By registering dendritic trees to a standard array structure, we identified two key dendritic attributes of medulla neurons: planar projections and layer-specific termination. Planar projections are the directions (anterior or posterior) of dendritic segments projecting from the axons to the medulla columns they innervate. Layer-specific termination refers to the locations of the dendritic terminals in specific medulla layers (M1–M6). The two attributes define medulla neuronal types.

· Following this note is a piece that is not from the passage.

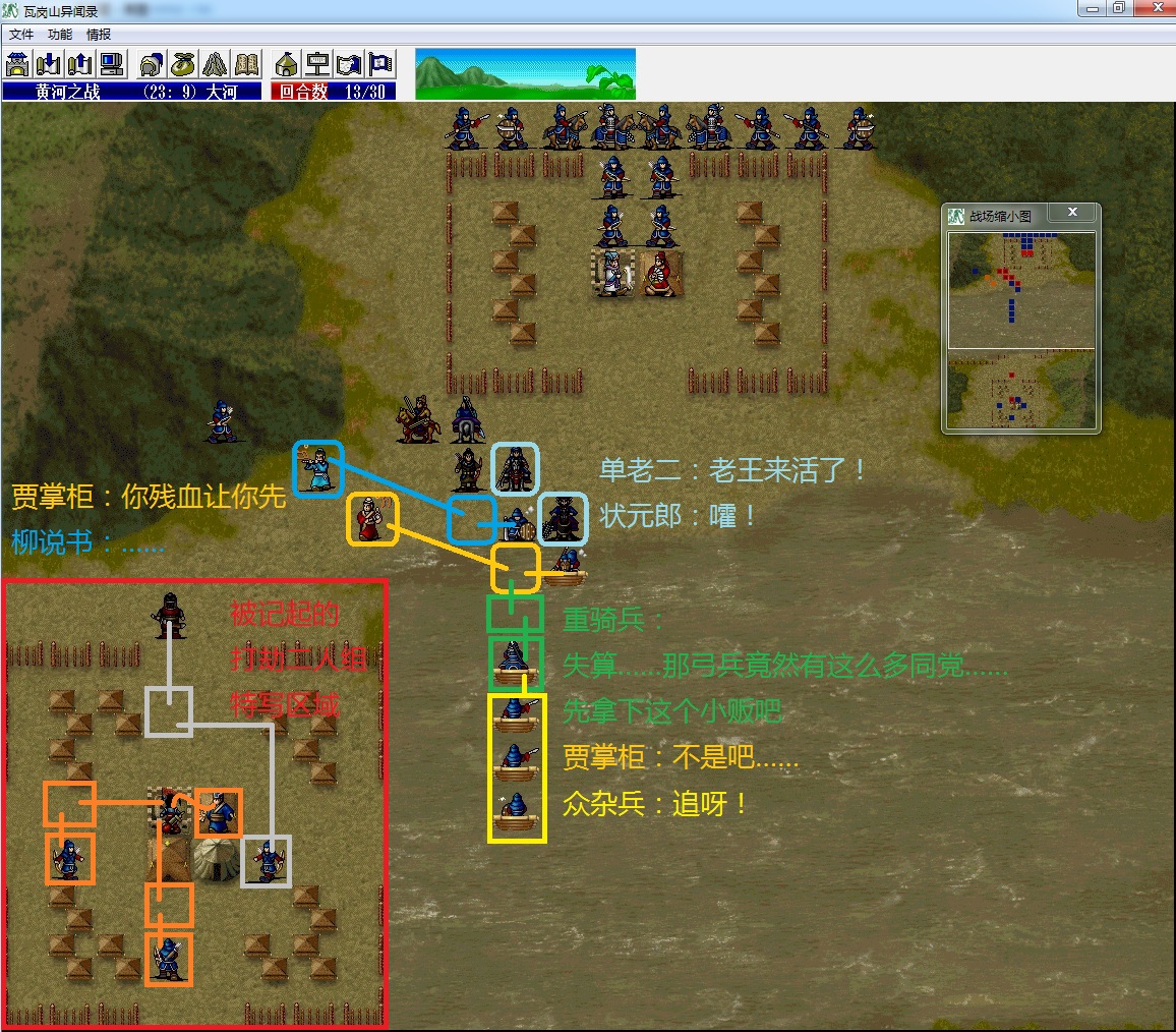 17回合开始见附图,同种颜色代表这些人的目标是同一目标。

Assembling a functional neural circuit requires guiding axons and dendrites to appropriate regions to form synaptic connections during development. Neurodevelopmental disorders, such as Fragile X syndrome and Rett syndrome, have distinct defects in dendritic morphologies, including alteration of branching patterns, loss of branches, and changes in spine shapes and numbers. Many mental diseases, such as mental retardation, schizophrenia, and autism spectrum disorder, have hidden developmental origins, and their neurological and cognitive deficits, characteristic of neural miscommunication, are likely caused by dendritic defects. It is unclear however, how genetic defects cause dendritic patterning defects, resulting in erroneous connections and functional deficit.

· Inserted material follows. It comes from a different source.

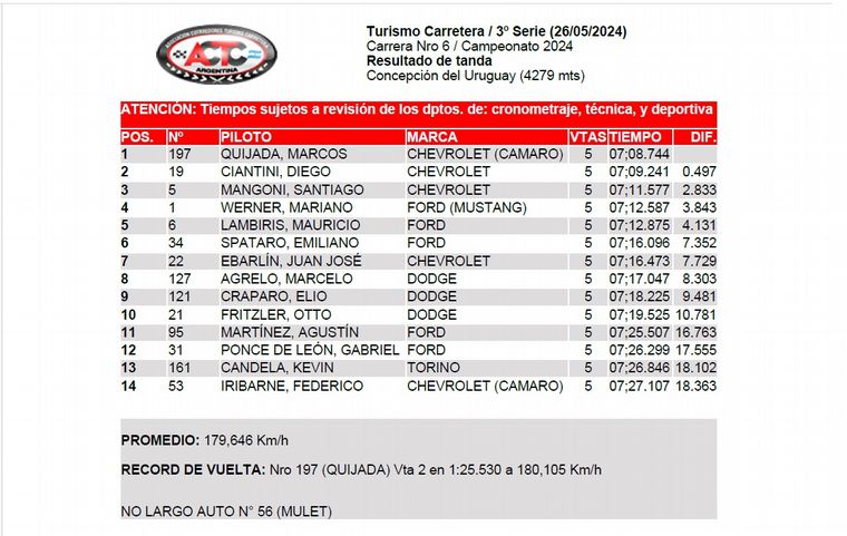 A las 13:00 se larga la final a 25 vuentas en la provincia de Entre Ríos, con Todino y su Mustang partiendo desde el mejor lugar de la primera fila, con Santero y su Ford al lado.

We use the Drosophila visual neurons as a model to study dendrite development in the central nervous system. Like the vertebrate cortex and retina, the Drosophila optic lobe is organized in columns and layers, suggesting that fly visual neurons and vertebrate cortex neurons face similar challenges in routing their dendrites to specific layers and columns during development. In addition, the Drosophila visual system has several unique advantages: (1) the medulla neurons extend dendritic arbors in a lattice-like structure, facilitating morphometric analysis; (2) the synaptic partnership is known; (3) genetic tools for labeling specific classes of medulla neurons and determining their connectivity are available; (4) sensitive behavioral assays are available for quantifying functional deficits. To analyze the dendritic patterns of the medulla neurons, we developed several new techniques: a dual-imaging technique for high-resolution imaging; a registration technique to standardize and to compare dendritic patterns; and a modified GRASP method for visualizing bona fide synaptic connections at the light-microscopic level.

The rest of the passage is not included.